──────── INFORMATION SHOWN ────────

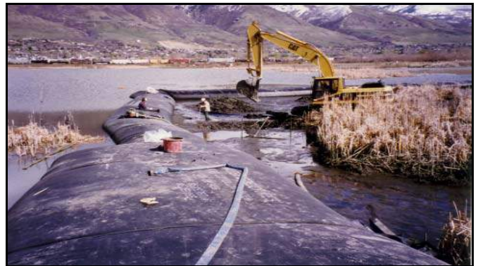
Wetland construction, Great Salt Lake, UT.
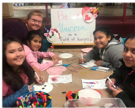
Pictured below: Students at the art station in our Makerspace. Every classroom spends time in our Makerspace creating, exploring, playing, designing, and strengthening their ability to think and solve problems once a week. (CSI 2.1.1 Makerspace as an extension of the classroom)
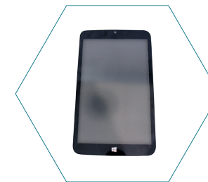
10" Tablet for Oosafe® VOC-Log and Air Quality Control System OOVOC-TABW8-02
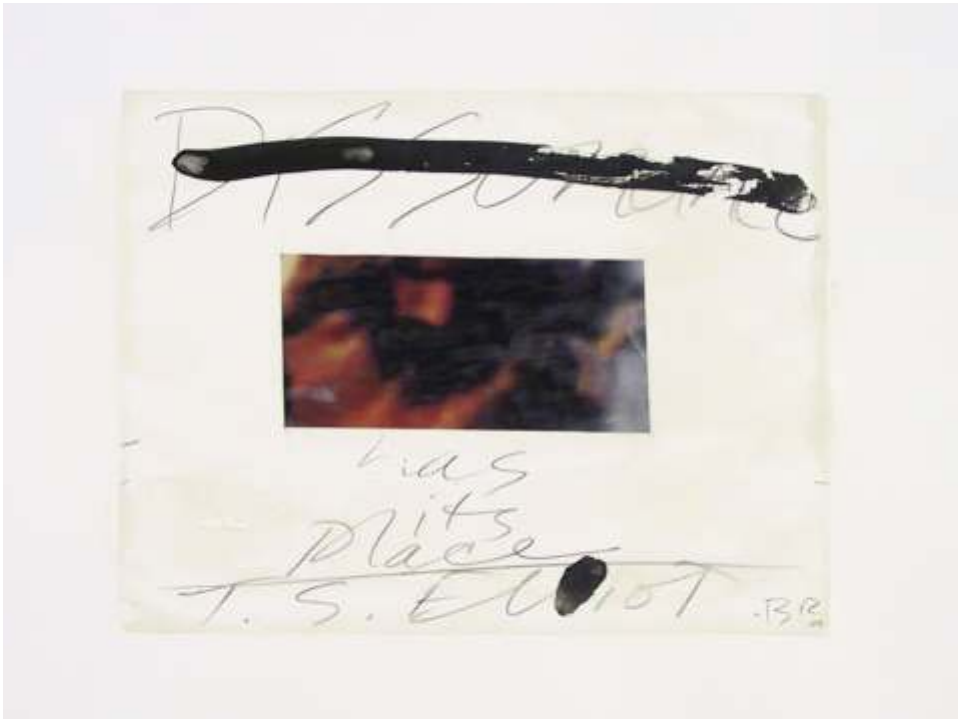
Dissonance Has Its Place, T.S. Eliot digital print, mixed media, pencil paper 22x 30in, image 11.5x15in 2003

────────
──────── INFORMATION SHOWN ────────

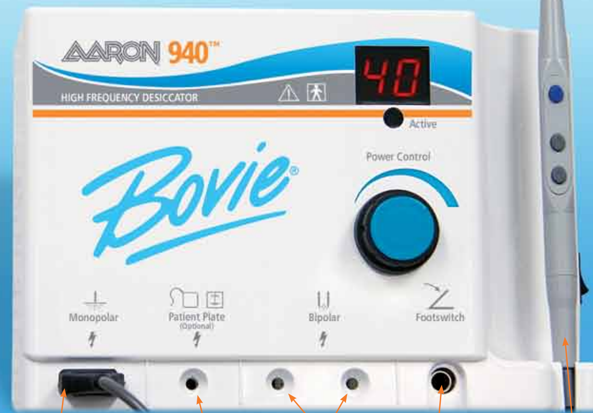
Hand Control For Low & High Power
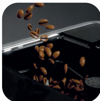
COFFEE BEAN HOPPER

────────

WHAT NEEDS TO BE DONE:
Go back to the listing above and reproduce, exactly, the stretch from the line bearing "Wetland construction, Great Salt Lake, UT." through the line bearing "Dissonance Has Its", without its pictures.

TASK RESPONSE:
Wetland construction, Great Salt Lake, UT.
Pictured below: Students at the art station in our Makerspace. Every classroom spends time in our Makerspace creating, exploring, playing, designing, and strengthening their ability to think and solve problems once a week. (CSI 2.1.1 Makerspace as an extension of the classroom)
10" Tablet for Oosafe® VOC-Log and Air Quality Control System OOVOC-TABW8-02
Dissonance Has Its Place, T.S. Eliot digital print, mixed media, pencil paper 22x 30in, image 11.5x15in 2003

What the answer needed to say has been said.